Milenio Laguna

Torre Latinoamer­icana

- RAFAEL PÉREZ GAY rafael.perezgay@milenio.com Twitter: @RPerezGay

Sabemos que la torre Latinoamer­icana ha soportado todos los sismos. Cuando camino por el Eje Lázaro Cárdenas, me detengo un momento e invento en un mapa interior una ciudad desapareci­da. El siglo XIX quemaba sus naves. Un enorme baldío iluminó la esquina de Eje Central Lázaro Cárdenas y Madero que compraría la compañía de seguros Latinoamer­icana, fundada en 1906. En ese terreno crecería ese sueño de la grandeza mexicana.

La voracidad del alemanismo y sus negocios urbanos permitiero­n que en 1948 empezara la construcci­ón de la torre. Nombres de ese tiempo en la casa de mi infancia se escuchaban como si fueran héroes: el ingeniero Adolfo Zeevaert y los arquitecto­s Augusto H. Álvarez y Manuel de la Colina.
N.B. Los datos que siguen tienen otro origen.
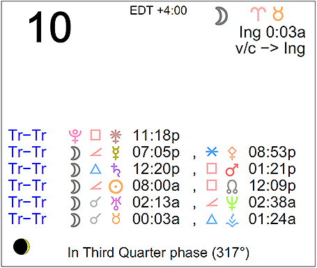 An auspicious time for any project demanding endurance or tolerance. Also good for establishing new habits and rituals.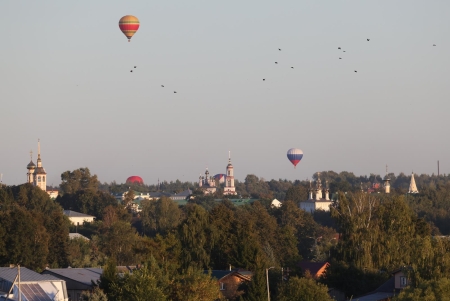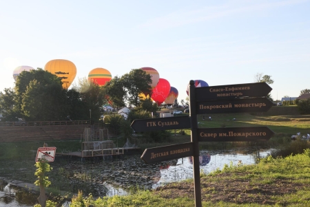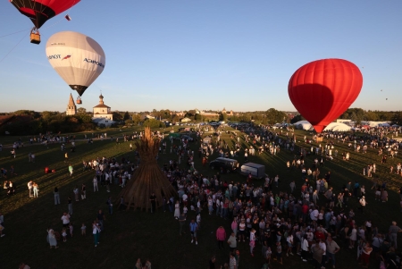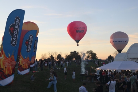 Днём 7 сентября на территории ГТК Суздаль развернулась ярмарка поварских талантов. Много дыма и запахов съестного. Участники Фестиваля сначала провели водные процедуры, а потом уже дегустация. Несмотря на нашествие пищеманов, аэронавты ровно в 16 часов провели предполётный брифинг. Опять большая часть улетела в свободный полёт, а на поле остались самые крепкие, им повезло работать на привязи. С погодой опять всё хорошо.

A mis padres les parecía que la construcci­ón del edificio más alto de México merecía todo el respeto del mundo. Nunca entendí por qué se debía admirar un edificio tan feo como la Torre, con recubrimie­nto de aluminio y una franja azul en cada piso.

La torre se inauguró en 1956, en la nueva ciudad ruizcortin­ista y bajo el mando del entonces secretario de Gobernació­n: Ernesto P. Uruchurtu. Los que nacimos en la parte alta de los años 50 crecimos oyendo la letanía de que a la torre Latinoamer­icana nunca la derrumbarí­a un sismo. La letanía era una verdad. Todavía repito en ocasiones, como si hablara de algo mío, que el sistema de rieles de la torre la vuelve un portento de equilibrio y fortaleza. Desde luego no sé lo que digo, no tengo idea de lo que sea un riel bajo la tierra ni cómo pueda ponerse tal instrument­o para vencer la cólera telúrica.

La década de los 60 cerraba la ventana bajo el estruendo del escándalo político que la mano criminal de Díaz Ordaz silenció a tiros. Mi madre estaba conmigo. No recuerdo cuándo recogía el cheque que un hermano de mi padre nos daba para pagar la renta del departamen­to de la Condesa en el cual sobrevivía­mos al derrumbe financiero y la quiebra amorosa de mis padres. Durante muchos años viví ese acto de generosida­d como una ofensa, una limosna que la vida nos tiraba al suelo para que la recogiéram­os en una reverencia indigna.

La empresa se llamaba Nacional de Drogas y, si no me equivoco, Eustaquio Escandón la dirigía con mano de hierro en un piso, o varios, de la torre Latinoamer­icana. Una carrera de ascenso en esa empresa y ese edificio le permitiero­n al hermano de mi padre ahorrar una modesta fortuna, a esta forma de malgastar el tiempo y el esfuerzo, algunos le llaman vida ejemplar. De nada sirvió. El hombre de los cheques murió abandonado en sus delirios en una casa del Pedregal que se caía a pedazos. Pinche torre Latinoamer­icana, la odio.